It occurred on one of those perfect Thanksgiving Day foxhunts in Chester County, Pa., with Todd Addis and his game Penn-Marydel pack. While galloping uphill on my quiet but young mare, Fife, I felt a sudden but effective buck when another horse came upon her too closely from behind.

Then I had an extremely unlucky landing and heard a mean crunch as she galloped away. As it turned out, Fife propelled herself away by pushing off my right ankle, which had just been broken, badly.

With the crack of that bone came a few life lessons and a few harsh realities.

Lesson # 1: You cannot pick your rescuer. That’s a volunteer job awarded on a first-come, first-served basis. Jim Rice, 10 weeks off of quadruple-bypass surgery and following the hunt that day in his 1983 Ford pick-up truck, got to me first. He wisely dismissed my requests for someone to retrieve my horse so I could continue following hounds. Something in the unnatural dangle of my right boot suggested to him an immediate trip to the hospital. He definitely knew the way.

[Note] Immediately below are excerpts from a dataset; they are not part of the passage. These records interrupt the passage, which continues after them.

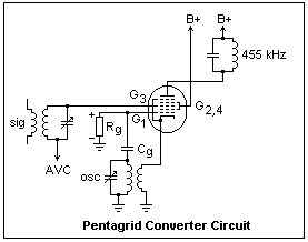 A typical pentagrid converter circuit is shown at the right. This circuit is for illustration, and is not a suggested laboratory exercise. The grids are numbered from 1 to 5, starting at the cathode. Typical pentagrid converters were the 6SA7, 6BE6 and the 1R5, the latter for low-voltage battery receivers. The earliest pentagrid converters, like the 6A8, were slightly different. Instead of the suppressor grid G5 of the 6BE6, the 6A8 made it grid G2. The cathode, G1 and G2 corresponded to the cathode, control grid and plate of a triode, which served as the oscillator. The modulated electron beam then passed on through G3 and G5, between which was the control grid G4, to the plate. G2 was found unnecessary, and was moved to become a suppressor grid, internally connected to the cathode as in a pentode. G1 remained the oscillator grid, but the oscillator plate was represented by the ensemble of G2, G4 and the plate. G2 and G4 are connected internally and screen G3 very tightly.
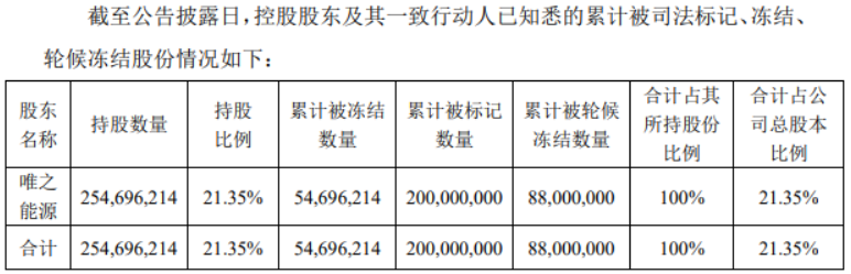 具體來(lái)看,此次唯之能源所持的21.35%上市公司股份分別被廣東省深圳市中級(jí)人民法院、福建省廈門市中級(jí)人民法院司法標(biāo)記、凍結(jié)、輪候凍結(jié),占其所持上市公司股份數(shù)量的100%。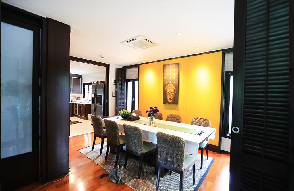 位于 Mooban Noblewana Watcharapol 内,这栋维护精美的两层住宅处于曼谷最令人向往的封闭式社区之一,完美融合了奢华、舒适与私密。定制设计的室内装潢以优雅的深色木质饰面为主,拥有4间宽敞的卧室、4间浴室、一间独立办公室以及一间宽敞的独立佣人房。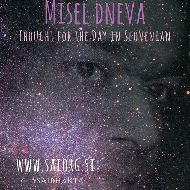Slovenian, 28.JUN.2018 Om Sri Sai Ram 28.6.18 Tri načela za mirno življenje Človek je zavezan k delovanju. Z delovanjem in lastnimi dejanji lahko doseže vse, seveda odvisno od sposobnosti in izurjenosti. Vsako dejanje prinese posledico, čemur se nihče ne more izogniti. Če želite svetlo prihodnost, delajte dobro, negujte plemenite misli in se družite z dobrimi ljudmi. Kakršno je seme, takšno je tudi drevo in sadeži, ki jih obrodi. Zato od malih nog delajte dobro. Kakšna so dobra dela? Tista, ki so tudi Bogu po volji, saj ste le v tem primeru na koncu tudi vi zadovoljni. Zato sveti spisi svetujejo, naj človek deluje tako, da s svojimi dejanji ugodi Bogu. Ko vsa svoja dejanja predate Bogu, vaše srce postane sveto, v življenje pa se naseli notranji mir. Da bi srce vedno ostalo sveto, morate v življenju upoštevati tri načela: čistost, potrpežljivost in vztrajnost. – iz govora Sathya Sai Babe, 22. april 1993 Sathya Sai Baba http://bit.ly/2kbxYlu #sathyasai #saibhakta #dailysaigram 28 de junho de 2018Saibhakta Brasil View on Instagram http://bit.ly/2KyxBRa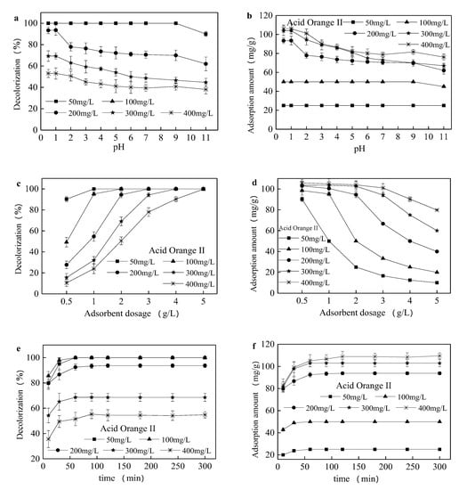 Effect of pH, adsorbent dosage and adsorption duration on the Acid Orange II adsorption performance. In (a,b), the adsorption test was conducted with 2 g/L modified sepiolite for 120 min under an oscillation rate of 180 r/min and 25 °C; in (c,d), the adsorption test was conducted for 120 min under initial pH value of 1, an oscillation rate of 180 r/min and 25 °C; in (e,f), the adsorption test was conducted with 2 g/L modified sepiolite under an oscillation rate of 180 r/min, an initial pH value of 1 and 25 °C.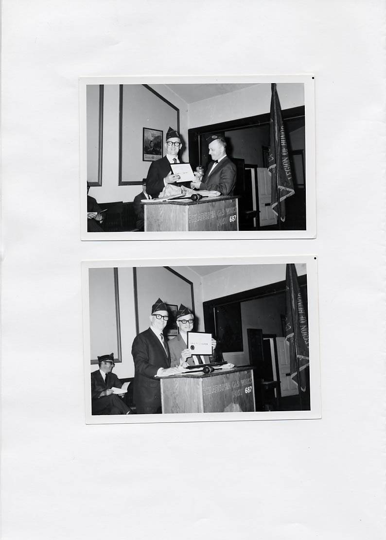 Dr Sigmund Faye, pictured below handing out Post awards to Ben and Jack Sturman, was a noted dental surgeon born and raised in Germany before emmigrating to America as a teenager. He distinguished himself during WWII for leading a daring and successful volunteer behind-the-lines rescue mission in France from which there was little hope of returning alive. He was dressed as, of all things, a Nazi SS officer whom he impersonated successfully, signing for and rescuing a group of US POWs awaiting Gestapo interrogation.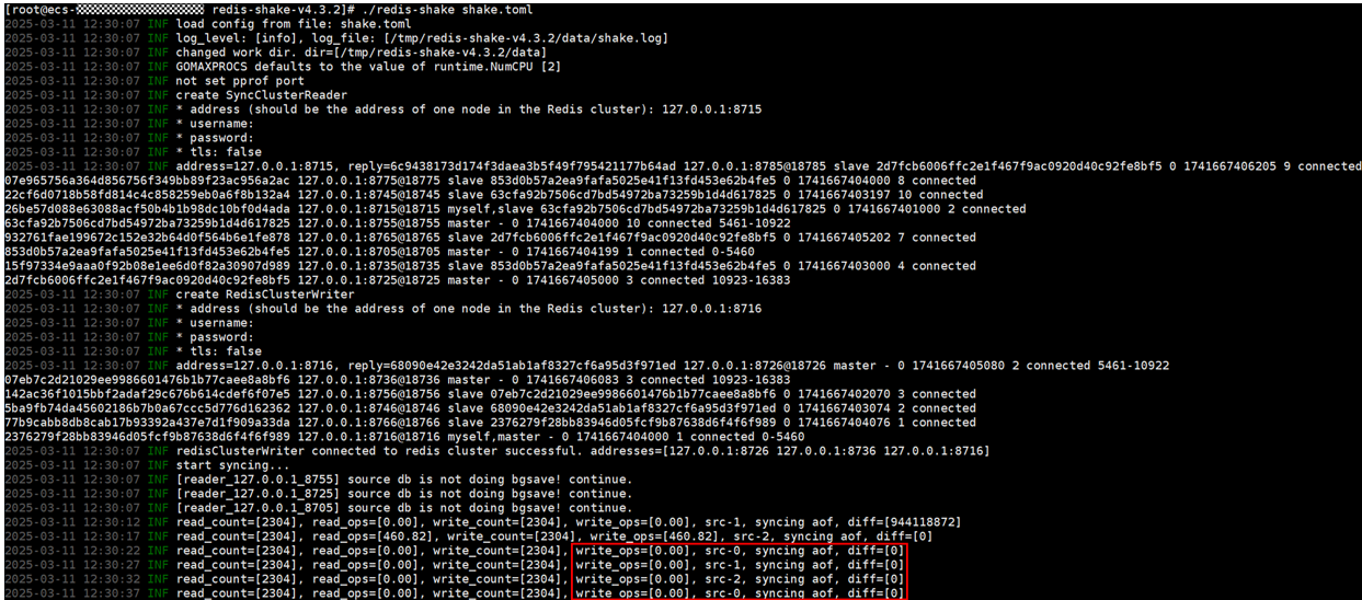 使用如下命令同步源Redis集群和目标Redis集群数据:

Lesson #2: You cannot pick your rescue vehicle either. My memory of a photo of David O’Connor being hermetically swathed and then horizontally loaded by a uniformed team of emergency medical professionals into a gleaming ambulance two years ago at the Fair Hill CCI gave way to the stark contrast of the interior of Jim’s truck.

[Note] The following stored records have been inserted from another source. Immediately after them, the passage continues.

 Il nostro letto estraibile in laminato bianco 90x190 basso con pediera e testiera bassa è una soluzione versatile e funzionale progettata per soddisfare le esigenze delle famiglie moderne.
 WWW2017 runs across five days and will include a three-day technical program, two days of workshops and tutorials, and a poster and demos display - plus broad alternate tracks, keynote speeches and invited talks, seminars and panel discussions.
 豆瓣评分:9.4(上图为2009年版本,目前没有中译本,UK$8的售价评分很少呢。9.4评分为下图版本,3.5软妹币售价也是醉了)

Food wrappers, an old Cabela’s catalogue, baling twine remnants, rusted wire cutters and some boxes of hard raisins were scattered on the cracked leather seat. I tried to recall the date of my last tetanus shot. He offered me a well-used towel from the floor of the truck by way of first aid; I rested my head on the gun rack; and we were on our way.

Lesson #3: You can’t schedule an optimal date for your accident. Ironically, major holidays are expeditious times to be in a hospital’s emergency room. Deliveries of babies, accidental and intentional gun and knife wounds, and even car crashes hover at near zero during traditional dining hours on Thanksgiving.

Your surgeon is usually home and easily reachable. Intravenous painkillers deliver an almost bizarre euphoria as you phone instructions to your teenage daughter on how to baste the bird and render the gravy. In the background of this conversation, a competent swarm of technicians ask you again how precisely the accident happened, and why did you take your boot off before you got to the hospital? The bone protruding through the sock would have suggested a more prudent approach.

Lesson #4: Avoid picking on yourself while reviewing the accident. After the surgery and during the nausea of recovery, alone at night in the hospital room with the right leg in a cast to the knee and elevated by pillows, the exquisite stupidity of the accident is utterly revealed.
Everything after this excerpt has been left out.